[背景]

　各種進行性腎障害に共通する病態修飾因子として、タンパク尿の存在とともに尿細管間質領域における慢性低酸素の存在が推定されている。この仮説はヒトや実験動物での腎障害の程度が、傍尿細管微小血管の脱落と相関するという所見や血管保護・新生を標的とした実験的治療が腎障害を改善するといった実験的試みによって幅広く支持されている。しかしながら、実際に尿細管間質での酸素化を評価した報告は少なく、その結論も一定の見解を得るに至っていない。

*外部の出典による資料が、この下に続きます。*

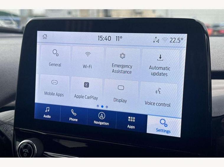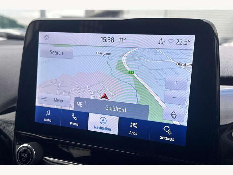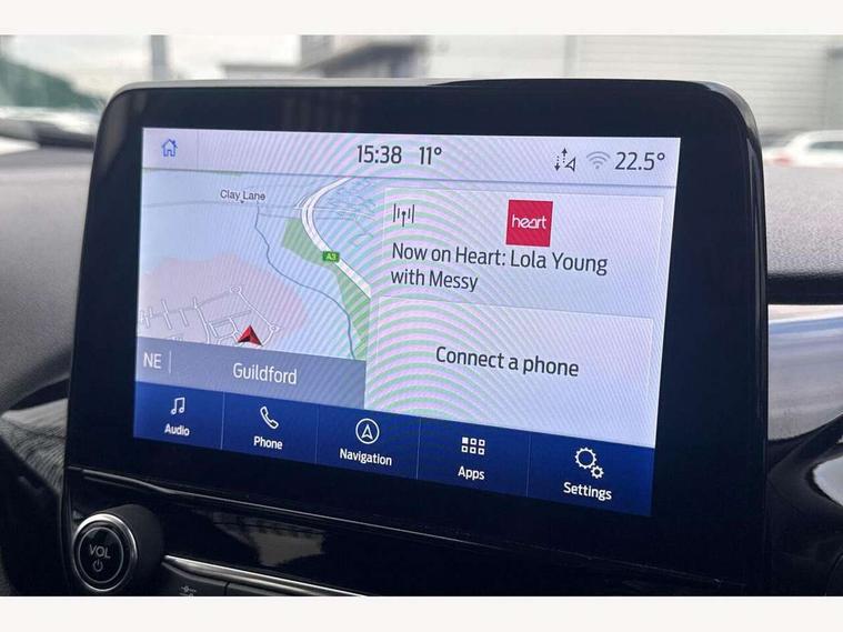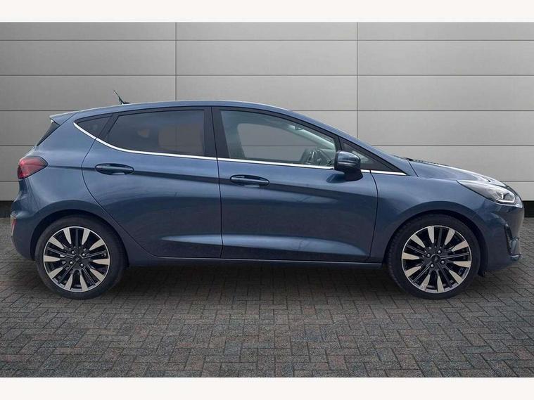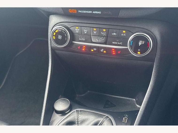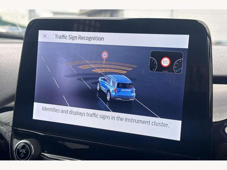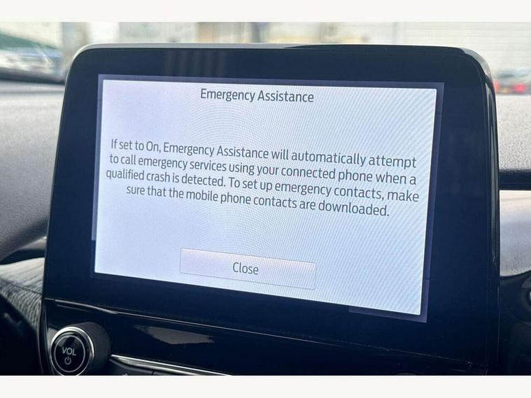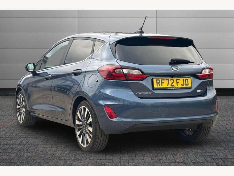 4.2" TFT instrument cluster screen, Bluetooth system, Electric power steering, Ford easy fuel, Rear parking distance sensors, Selectable drive modes (Normal, Sport, Track), Traffic sign recognition, Trip computer, 2 USB ports, Auxiliary input socket, B&O Premium audio system with 8" touchscreen, 10 speakers, 360 degree sound system, Ford SYNC 3 navigation system and Ford pass connect, DAB Digital radio, Steering wheel mounted controls, Auto high beam, Body colour bumpers, Body colour door handles, Body colour rear spoiler, Body coloured electrically operated and heated door mirrors with side indicators, Chrome beltline trim, Chrome front grille, Chrome lower window surround, Cornering front fog lights, Electric front windows/one touch facility, Electric rear windows, LED Night signature to rear lights, Power foldable door mirrors with puddle lights, Quickclear heated windscreen, Rain sensing wipers and auto dimming rear view mirror, Rear privacy glass, Rear wiper, 3 spoke leather trimmed steering wheel with audio control, 60/40 split folding rear seat, Adjustable head restraints, Boot carpet, Centre console with opening armrest, 2x cupholders, 12v and USB, Chrome inner door handles, Drivers and Passenger lumbar support, EATC - Electronic Auto Temperature control, Footwell illumination, Front floor mats in velour, Front map reading lights, Front seat and rear pockets, Height adjustable passenger seat, Illuminated glovebox, Leather gaiter, LED ambient lighting, Load area light, Luxury woven headliner, Manual 4-way driver seat adjust, Overhead console with sunglasses holder, Pollen filter, Rake/reach adjustable steering wheel, Sensico partial premium upholstery, Sensico wrapped steering wheel, NCAP Pack - Fiesta, 3 point seatbelts on all rear seats, ABS+EBA, Curtain airbags, Driver and passenger airbags, Drivers knee airbag, Electronic stability control with hill start assist, Front passenger airbag deactivation, Front side airbags, Seatbelt warning, Two tone horn, Tyre pressure monitoring system, Ford keyfree system with Keyless entry and keyless start, MyKey system, Remote central locking & engine immobiliser, Thatcham Cat.1 alarm, 17" 8 spoke alloy wheels,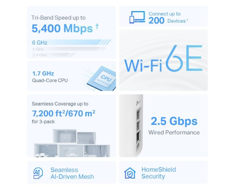 WiFi router TP-Link Deco XE75 Pro(3-pack) AXE5400, WiFi 6E, 1x 2.5GLAN, 2x GLAN / 574Mbps 2,4GHz/ 2402Mbps 5GHz/ 2402 6

以上の観点から、個体の低酸素状態を細胞レベルで検出する遺伝子改変ラットを作製し、puromycin腎症と5/6腎摘モデルにて尿細管間質の低酸素を検出した。

　哺乳類細胞には低酸素環境に順応するための機構が数多く存在し、分子レベルでは遺伝子転写レベルでのerythropoietin(Epo)、vascular endothelial growth factor (VEGF)、解糖系酵素の発現誘導が知られている。

Hypoxia-inducible factor-1 (HIF-1)は、上記遺伝子発現を低酸素環境下で正に調節する最も重要な転写因子の一つである。HIF-1はαおよびβ鎖からなるヘテロニ量体で、basic helix-loop-helix (bHLH) スーパーファミリーに属する。全身にてubiquitousに発現しており、そのα鎖は通常酸素濃度下では速やかにユビキチン分解をうけているが、一旦低酸素にさらされると、HIF-1αは分解を逃れ、恒常的に発現しているβ鎖と結合し、当該遺伝子のエンハンサーに存在するcis- コンセンサスHIF-1-結合部位(hypoxia-responsive element (HRE))と結合することで遺伝子転写を正に制御する。近年の分子生物学研究において、HIF-1の低酸素依存性発現調節のメカニズムがより明らかとなった。通常酸素濃度下では、HIF-1αはそのoxygen-dependent degradation domain に存在するprolyl残基において hydroxylationを受け、von Hipped-Lindau protein (pVHL)との会合を誘導し、 ユビキチン分解に至ることが解明され、HIFによって行われる転写調節が極めて低酸素依存性であり、特異的なメカニズムであることも分かってきた。

　さらには、より重要なことに、この低酸素遺伝子応答をつかさどるHREが、腫瘍学領域を中心として治療分子の低酸素選択的発現目的に利用された報告例が散見されつつある。同様の理論的背景を基に我々は、レポーター遺伝子のエンハンサー領域にHREを組み込み、最適化することで、新たな低酸素検出マーカーベクターを作製、細胞レベルでの低酸素局在が検出可能となるできるのではないかと考えた。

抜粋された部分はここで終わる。